__Instructions for the task__: Copy out the whole listing below exactly.

__Records to process__:
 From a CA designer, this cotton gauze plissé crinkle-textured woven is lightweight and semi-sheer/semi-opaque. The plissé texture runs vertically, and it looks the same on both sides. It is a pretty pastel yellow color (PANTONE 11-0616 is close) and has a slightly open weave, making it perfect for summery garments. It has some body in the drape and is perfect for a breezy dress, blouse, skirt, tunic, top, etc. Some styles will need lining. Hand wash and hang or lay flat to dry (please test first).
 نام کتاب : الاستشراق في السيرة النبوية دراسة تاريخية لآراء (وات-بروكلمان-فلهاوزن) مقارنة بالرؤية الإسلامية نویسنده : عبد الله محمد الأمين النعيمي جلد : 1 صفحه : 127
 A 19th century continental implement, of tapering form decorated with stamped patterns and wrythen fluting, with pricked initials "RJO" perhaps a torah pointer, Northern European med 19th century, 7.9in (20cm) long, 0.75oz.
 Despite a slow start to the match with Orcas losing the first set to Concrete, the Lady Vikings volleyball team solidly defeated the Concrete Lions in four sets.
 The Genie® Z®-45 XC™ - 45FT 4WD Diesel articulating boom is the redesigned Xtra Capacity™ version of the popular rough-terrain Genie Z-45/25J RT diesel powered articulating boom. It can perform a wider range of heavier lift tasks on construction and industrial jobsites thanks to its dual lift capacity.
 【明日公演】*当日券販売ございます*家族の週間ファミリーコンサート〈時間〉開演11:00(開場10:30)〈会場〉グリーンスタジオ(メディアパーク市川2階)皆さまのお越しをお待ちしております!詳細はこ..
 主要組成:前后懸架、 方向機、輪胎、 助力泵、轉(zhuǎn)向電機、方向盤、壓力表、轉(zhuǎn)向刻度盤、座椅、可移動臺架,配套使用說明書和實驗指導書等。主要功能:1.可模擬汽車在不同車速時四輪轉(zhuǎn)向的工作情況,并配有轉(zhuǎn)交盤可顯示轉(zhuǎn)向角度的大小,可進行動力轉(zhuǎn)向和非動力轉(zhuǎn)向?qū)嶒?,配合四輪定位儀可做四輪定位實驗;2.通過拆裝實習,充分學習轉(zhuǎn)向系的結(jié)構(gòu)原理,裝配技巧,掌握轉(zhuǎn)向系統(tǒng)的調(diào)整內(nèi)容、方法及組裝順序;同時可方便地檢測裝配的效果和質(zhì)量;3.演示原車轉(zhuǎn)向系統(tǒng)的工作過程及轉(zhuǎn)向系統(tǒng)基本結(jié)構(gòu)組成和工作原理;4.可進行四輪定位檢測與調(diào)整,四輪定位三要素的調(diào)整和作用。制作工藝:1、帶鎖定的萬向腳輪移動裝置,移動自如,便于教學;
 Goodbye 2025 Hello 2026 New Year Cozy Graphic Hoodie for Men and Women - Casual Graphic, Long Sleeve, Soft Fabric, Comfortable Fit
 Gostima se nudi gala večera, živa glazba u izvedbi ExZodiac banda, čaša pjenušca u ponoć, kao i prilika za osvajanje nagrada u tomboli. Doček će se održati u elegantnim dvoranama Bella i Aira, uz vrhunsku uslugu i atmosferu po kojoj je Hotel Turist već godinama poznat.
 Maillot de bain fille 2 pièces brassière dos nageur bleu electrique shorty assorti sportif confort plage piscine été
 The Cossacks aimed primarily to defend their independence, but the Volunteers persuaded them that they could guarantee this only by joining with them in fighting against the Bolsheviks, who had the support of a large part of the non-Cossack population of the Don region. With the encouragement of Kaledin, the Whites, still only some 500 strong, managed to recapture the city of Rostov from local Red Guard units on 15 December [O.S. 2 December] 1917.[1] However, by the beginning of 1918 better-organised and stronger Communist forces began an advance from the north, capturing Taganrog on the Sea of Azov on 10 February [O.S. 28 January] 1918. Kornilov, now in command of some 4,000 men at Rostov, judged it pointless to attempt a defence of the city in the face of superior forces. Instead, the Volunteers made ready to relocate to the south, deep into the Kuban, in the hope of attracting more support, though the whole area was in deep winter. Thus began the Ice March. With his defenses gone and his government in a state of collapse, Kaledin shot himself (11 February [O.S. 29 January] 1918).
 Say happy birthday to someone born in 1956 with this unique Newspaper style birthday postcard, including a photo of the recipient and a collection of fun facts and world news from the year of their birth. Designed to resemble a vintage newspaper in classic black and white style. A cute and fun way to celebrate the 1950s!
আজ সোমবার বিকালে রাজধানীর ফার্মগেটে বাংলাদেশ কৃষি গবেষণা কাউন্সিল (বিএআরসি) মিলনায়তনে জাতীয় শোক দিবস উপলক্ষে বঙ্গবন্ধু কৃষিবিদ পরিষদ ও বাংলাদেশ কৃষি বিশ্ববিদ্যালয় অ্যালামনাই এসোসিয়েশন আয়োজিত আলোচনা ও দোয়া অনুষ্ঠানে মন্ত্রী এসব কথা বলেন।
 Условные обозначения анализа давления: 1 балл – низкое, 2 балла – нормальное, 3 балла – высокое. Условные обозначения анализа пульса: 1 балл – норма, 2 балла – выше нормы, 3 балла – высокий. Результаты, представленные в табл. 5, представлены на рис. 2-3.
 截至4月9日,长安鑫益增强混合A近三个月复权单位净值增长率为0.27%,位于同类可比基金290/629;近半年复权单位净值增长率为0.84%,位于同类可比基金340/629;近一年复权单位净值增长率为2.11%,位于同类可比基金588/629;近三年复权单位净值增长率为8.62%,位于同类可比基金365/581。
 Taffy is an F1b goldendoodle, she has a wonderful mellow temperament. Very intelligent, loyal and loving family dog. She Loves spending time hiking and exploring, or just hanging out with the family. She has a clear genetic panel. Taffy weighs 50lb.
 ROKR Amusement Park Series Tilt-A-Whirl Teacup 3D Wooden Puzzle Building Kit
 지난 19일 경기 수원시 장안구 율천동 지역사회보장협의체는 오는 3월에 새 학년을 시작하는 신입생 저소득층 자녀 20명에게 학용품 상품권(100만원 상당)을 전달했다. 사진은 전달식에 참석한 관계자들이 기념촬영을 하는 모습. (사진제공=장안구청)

__Answer box__:
 From a CA designer, this cotton gauze plissé crinkle-textured woven is lightweight and semi-sheer/semi-opaque. The plissé texture runs vertically, and it looks the same on both sides. It is a pretty pastel yellow color (PANTONE 11-0616 is close) and has a slightly open weave, making it perfect for summery garments. It has some body in the drape and is perfect for a breezy dress, blouse, skirt, tunic, top, etc. Some styles will need lining. Hand wash and hang or lay flat to dry (please test first).
 نام کتاب : الاستشراق في السيرة النبوية دراسة تاريخية لآراء (وات-بروكلمان-فلهاوزن) مقارنة بالرؤية الإسلامية نویسنده : عبد الله محمد الأمين النعيمي جلد : 1 صفحه : 127
 A 19th century continental implement, of tapering form decorated with stamped patterns and wrythen fluting, with pricked initials "RJO" perhaps a torah pointer, Northern European med 19th century, 7.9in (20cm) long, 0.75oz.
 Despite a slow start to the match with Orcas losing the first set to Concrete, the Lady Vikings volleyball team solidly defeated the Concrete Lions in four sets.
 The Genie® Z®-45 XC™ - 45FT 4WD Diesel articulating boom is the redesigned Xtra Capacity™ version of the popular rough-terrain Genie Z-45/25J RT diesel powered articulating boom. It can perform a wider range of heavier lift tasks on construction and industrial jobsites thanks to its dual lift capacity.
 【明日公演】*当日券販売ございます*家族の週間ファミリーコンサート〈時間〉開演11:00(開場10:30)〈会場〉グリーンスタジオ(メディアパーク市川2階)皆さまのお越しをお待ちしております!詳細はこ..
 主要組成:前后懸架、 方向機、輪胎、 助力泵、轉(zhuǎn)向電機、方向盤、壓力表、轉(zhuǎn)向刻度盤、座椅、可移動臺架,配套使用說明書和實驗指導書等。主要功能:1.可模擬汽車在不同車速時四輪轉(zhuǎn)向的工作情況,并配有轉(zhuǎn)交盤可顯示轉(zhuǎn)向角度的大小,可進行動力轉(zhuǎn)向和非動力轉(zhuǎn)向?qū)嶒?,配合四輪定位儀可做四輪定位實驗;2.通過拆裝實習,充分學習轉(zhuǎn)向系的結(jié)構(gòu)原理,裝配技巧,掌握轉(zhuǎn)向系統(tǒng)的調(diào)整內(nèi)容、方法及組裝順序;同時可方便地檢測裝配的效果和質(zhì)量;3.演示原車轉(zhuǎn)向系統(tǒng)的工作過程及轉(zhuǎn)向系統(tǒng)基本結(jié)構(gòu)組成和工作原理;4.可進行四輪定位檢測與調(diào)整,四輪定位三要素的調(diào)整和作用。制作工藝:1、帶鎖定的萬向腳輪移動裝置,移動自如,便于教學;
 Goodbye 2025 Hello 2026 New Year Cozy Graphic Hoodie for Men and Women - Casual Graphic, Long Sleeve, Soft Fabric, Comfortable Fit
 Gostima se nudi gala večera, živa glazba u izvedbi ExZodiac banda, čaša pjenušca u ponoć, kao i prilika za osvajanje nagrada u tomboli. Doček će se održati u elegantnim dvoranama Bella i Aira, uz vrhunsku uslugu i atmosferu po kojoj je Hotel Turist već godinama poznat.
 Maillot de bain fille 2 pièces brassière dos nageur bleu electrique shorty assorti sportif confort plage piscine été
 The Cossacks aimed primarily to defend their independence, but the Volunteers persuaded them that they could guarantee this only by joining with them in fighting against the Bolsheviks, who had the support of a large part of the non-Cossack population of the Don region. With the encouragement of Kaledin, the Whites, still only some 500 strong, managed to recapture the city of Rostov from local Red Guard units on 15 December [O.S. 2 December] 1917.[1] However, by the beginning of 1918 better-organised and stronger Communist forces began an advance from the north, capturing Taganrog on the Sea of Azov on 10 February [O.S. 28 January] 1918. Kornilov, now in command of some 4,000 men at Rostov, judged it pointless to attempt a defence of the city in the face of superior forces. Instead, the Volunteers made ready to relocate to the south, deep into the Kuban, in the hope of attracting more support, though the whole area was in deep winter. Thus began the Ice March. With his defenses gone and his government in a state of collapse, Kaledin shot himself (11 February [O.S. 29 January] 1918).
 Say happy birthday to someone born in 1956 with this unique Newspaper style birthday postcard, including a photo of the recipient and a collection of fun facts and world news from the year of their birth. Designed to resemble a vintage newspaper in classic black and white style. A cute and fun way to celebrate the 1950s!
আজ সোমবার বিকালে রাজধানীর ফার্মগেটে বাংলাদেশ কৃষি গবেষণা কাউন্সিল (বিএআরসি) মিলনায়তনে জাতীয় শোক দিবস উপলক্ষে বঙ্গবন্ধু কৃষিবিদ পরিষদ ও বাংলাদেশ কৃষি বিশ্ববিদ্যালয় অ্যালামনাই এসোসিয়েশন আয়োজিত আলোচনা ও দোয়া অনুষ্ঠানে মন্ত্রী এসব কথা বলেন।
 Условные обозначения анализа давления: 1 балл – низкое, 2 балла – нормальное, 3 балла – высокое. Условные обозначения анализа пульса: 1 балл – норма, 2 балла – выше нормы, 3 балла – высокий. Результаты, представленные в табл. 5, представлены на рис. 2-3.
 截至4月9日,长安鑫益增强混合A近三个月复权单位净值增长率为0.27%,位于同类可比基金290/629;近半年复权单位净值增长率为0.84%,位于同类可比基金340/629;近一年复权单位净值增长率为2.11%,位于同类可比基金588/629;近三年复权单位净值增长率为8.62%,位于同类可比基金365/581。
 Taffy is an F1b goldendoodle, she has a wonderful mellow temperament. Very intelligent, loyal and loving family dog. She Loves spending time hiking and exploring, or just hanging out with the family. She has a clear genetic panel. Taffy weighs 50lb.
 ROKR Amusement Park Series Tilt-A-Whirl Teacup 3D Wooden Puzzle Building Kit
 지난 19일 경기 수원시 장안구 율천동 지역사회보장협의체는 오는 3월에 새 학년을 시작하는 신입생 저소득층 자녀 20명에게 학용품 상품권(100만원 상당)을 전달했다. 사진은 전달식에 참석한 관계자들이 기념촬영을 하는 모습. (사진제공=장안구청)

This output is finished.